Following is an acoustic Delta-style blues done with veteran folk blueswoman Rory Block That Ain;t No Way for Me to Get Along. Ms. Cashdollar and Ms. Block have performed together occasionally as the Sisters of Slide. They nicely supplement each other, with Ms. Block providing the vocals. <<>>

Ms. Cashdollar does another collaboration with Louisiana guitar maven Sonny Landreth on a tune on called Sey Seychelles which she originally played on a recording by the Cajun band BeauSoleil. It’s a mellow waltz. Ms. Cashdollar’s playing on baritone National resonator guitar is particularly appealing. <<>>

The album includes Hoagy Carmichael’s jazz standard Skylark with Jake Longley playing the jazz rhythm guitar with Ms. Cashdollar on lap steel. <<>>

Austin blues-rocker Omar Kent Dykes of Omar and the Howlers, make an appearance on a Howlin’ Wolf tune called How Many More Years. Despite the energy level of the Texas-style blues, it’s not the strongest track. <<>>

Another artist who appeared on Ms. Cashdollar’s last album in 2004, Marcia Ball, appears on piano on a slow original instrumental by Cashdollar called Salvation which she said evolved into a Gospel feel as they started playing it. Ms. Cashdollar’s instrument on the track is again lap steel, and it’s another tasteful performance. <<>>

The album includes a version of Bob Dylan’s Ring Them Bells with Amy Helm, of the band Ollabelle and daughter of Levon Helm, doing the vocals. The song takes on a gentler sound that works quite well. <<>>

The album ends with its title track, Waltz for Abilene which Ms. Cashdollar said was written while she was on a tour with Garrison Keillor and Prairie Home Companion. Abilene, Texas was one of the stops. The guest on this track is Larry Campbell, who is heard on fiddle and mandolin. The track makes a nice contemplative-sounding finale for the album.

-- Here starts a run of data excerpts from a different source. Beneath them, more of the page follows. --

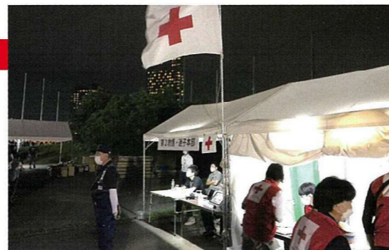
奉仕団が花火大会で臨時救護を行いました

千葉県花火大会臨時救護 赤十字キッズクロス 赤十字活動推進会議・研修会(市区町村担当対象)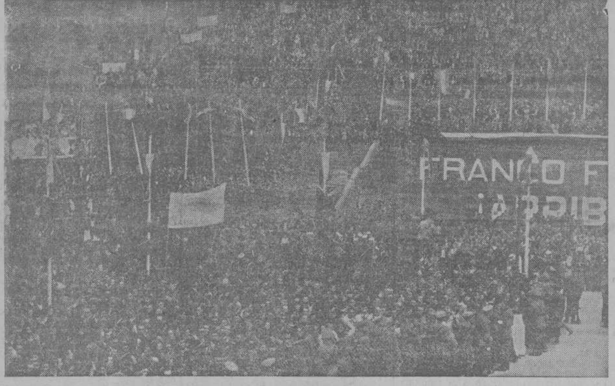
El pueblo de Mieres, congregado en la plaza y en el monte, aclamó fervorosamente al Jefe del Estado en su reciente visita a dicha villa asturiana.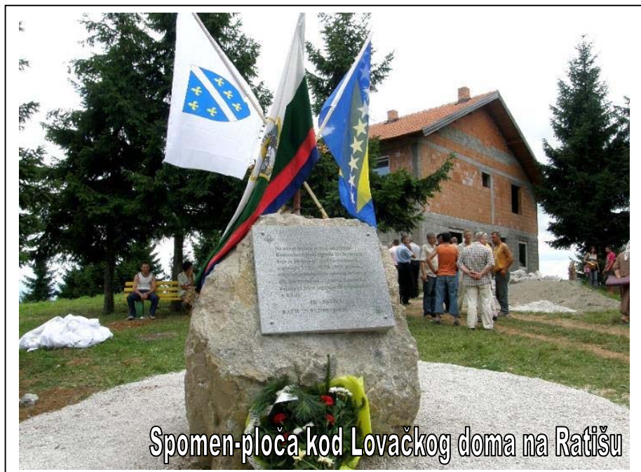
Spomen-ploča kod Lovačkog doma na Ratišu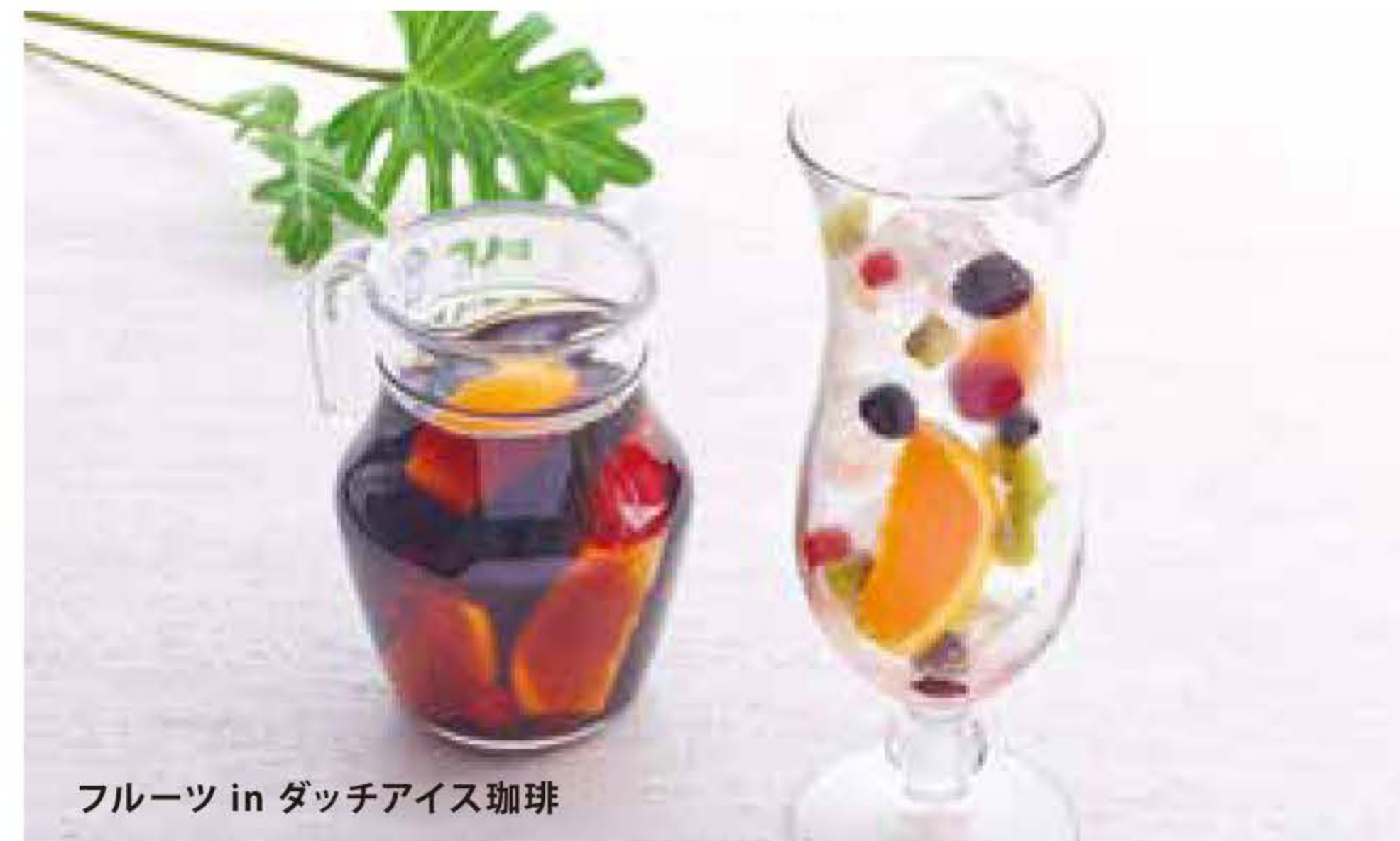
フルーツ in ダッチアイス珈琲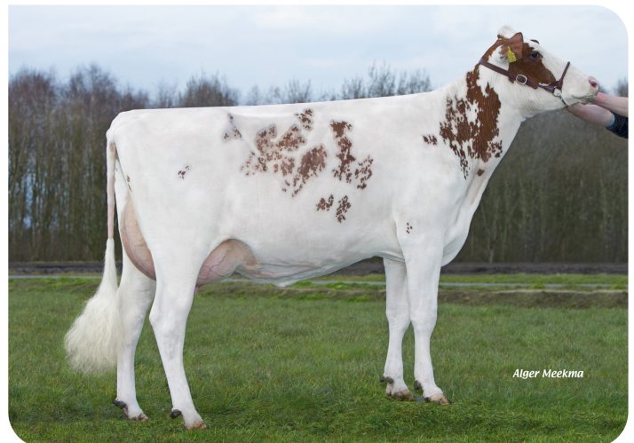
Grashoek Rita 16 (p. Timeless (Pp)) Prop.: Melkveebedrijf Grashoek b.v., Grashoek (NL)

Cindy Cashdollar’s new release Waltz for Abilene is an enjoyable and musically varied recording by a veteran studio musician and side person on dozens of albums, including several Grammy Award winners. She is joined by a compatible group of guests and the musical interaction with them is what gives the album some strength beyond being just another studio musician’s solo record. It’s also a reminder of how tasteful a player of slide, steel, and resonator guitars she is, where it’s easy to get carried away.

Our grade for sound quality is close to an “A.” While the dynamic range is not great, there is good clarity and it’s also impressive how coherent the sound is from these recordings made at different times in different cities with different recording and mix engineers.

The field of first-call non-singing studio instrumentalists unfortunately does not include many women. Cindy Cashdollar is a great exception, and her new release is a reminder of what a great player she is.